_WHAT IS REQUIRED_: Extract the lines from the first line of the records below through the line containing "Елегантні сережки-протяжки в", inclusive, and reproduce them exactly as written.

Collected data
——————

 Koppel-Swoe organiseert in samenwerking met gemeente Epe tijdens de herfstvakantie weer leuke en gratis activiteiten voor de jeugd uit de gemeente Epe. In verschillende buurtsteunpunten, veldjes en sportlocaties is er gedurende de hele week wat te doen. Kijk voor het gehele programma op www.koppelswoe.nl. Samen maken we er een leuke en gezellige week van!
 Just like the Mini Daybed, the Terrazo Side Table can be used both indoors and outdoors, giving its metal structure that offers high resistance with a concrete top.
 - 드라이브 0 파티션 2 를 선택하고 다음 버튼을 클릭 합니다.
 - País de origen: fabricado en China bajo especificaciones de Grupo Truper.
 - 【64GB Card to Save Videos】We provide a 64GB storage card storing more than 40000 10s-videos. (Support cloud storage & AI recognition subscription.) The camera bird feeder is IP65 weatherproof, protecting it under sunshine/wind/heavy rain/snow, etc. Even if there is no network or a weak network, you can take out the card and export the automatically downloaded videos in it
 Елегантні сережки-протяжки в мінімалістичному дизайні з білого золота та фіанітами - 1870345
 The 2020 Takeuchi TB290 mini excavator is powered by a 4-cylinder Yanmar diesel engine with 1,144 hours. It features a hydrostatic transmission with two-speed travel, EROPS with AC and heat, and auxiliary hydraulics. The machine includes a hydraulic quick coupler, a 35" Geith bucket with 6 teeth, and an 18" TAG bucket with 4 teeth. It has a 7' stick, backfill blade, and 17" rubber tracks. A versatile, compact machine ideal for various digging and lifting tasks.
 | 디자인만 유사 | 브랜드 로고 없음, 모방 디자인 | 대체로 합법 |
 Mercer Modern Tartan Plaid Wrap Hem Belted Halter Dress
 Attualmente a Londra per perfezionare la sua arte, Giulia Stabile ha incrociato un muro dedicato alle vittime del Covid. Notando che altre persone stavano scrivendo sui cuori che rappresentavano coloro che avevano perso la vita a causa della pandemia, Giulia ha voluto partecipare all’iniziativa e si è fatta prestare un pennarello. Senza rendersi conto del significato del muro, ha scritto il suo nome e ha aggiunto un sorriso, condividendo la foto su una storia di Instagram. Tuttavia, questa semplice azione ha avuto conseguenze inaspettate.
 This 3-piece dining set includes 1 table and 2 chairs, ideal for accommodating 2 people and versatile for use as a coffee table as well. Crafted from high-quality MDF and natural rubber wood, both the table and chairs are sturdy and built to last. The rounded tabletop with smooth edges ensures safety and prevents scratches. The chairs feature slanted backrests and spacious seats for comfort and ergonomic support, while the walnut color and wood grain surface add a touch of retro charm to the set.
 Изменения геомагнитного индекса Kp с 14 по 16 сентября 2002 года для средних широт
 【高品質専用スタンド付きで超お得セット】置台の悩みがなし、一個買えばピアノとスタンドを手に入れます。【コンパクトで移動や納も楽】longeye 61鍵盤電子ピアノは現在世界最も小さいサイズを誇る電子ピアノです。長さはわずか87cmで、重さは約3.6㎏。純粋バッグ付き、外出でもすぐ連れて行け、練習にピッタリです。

——————

_SOLUTION BELOW_:
 Koppel-Swoe organiseert in samenwerking met gemeente Epe tijdens de herfstvakantie weer leuke en gratis activiteiten voor de jeugd uit de gemeente Epe. In verschillende buurtsteunpunten, veldjes en sportlocaties is er gedurende de hele week wat te doen. Kijk voor het gehele programma op www.koppelswoe.nl. Samen maken we er een leuke en gezellige week van!
 Just like the Mini Daybed, the Terrazo Side Table can be used both indoors and outdoors, giving its metal structure that offers high resistance with a concrete top.
 - 드라이브 0 파티션 2 를 선택하고 다음 버튼을 클릭 합니다.
 - País de origen: fabricado en China bajo especificaciones de Grupo Truper.
 - 【64GB Card to Save Videos】We provide a 64GB storage card storing more than 40000 10s-videos. (Support cloud storage & AI recognition subscription.) The camera bird feeder is IP65 weatherproof, protecting it under sunshine/wind/heavy rain/snow, etc. Even if there is no network or a weak network, you can take out the card and export the automatically downloaded videos in it
 Елегантні сережки-протяжки в мінімалістичному дизайні з білого золота та фіанітами - 1870345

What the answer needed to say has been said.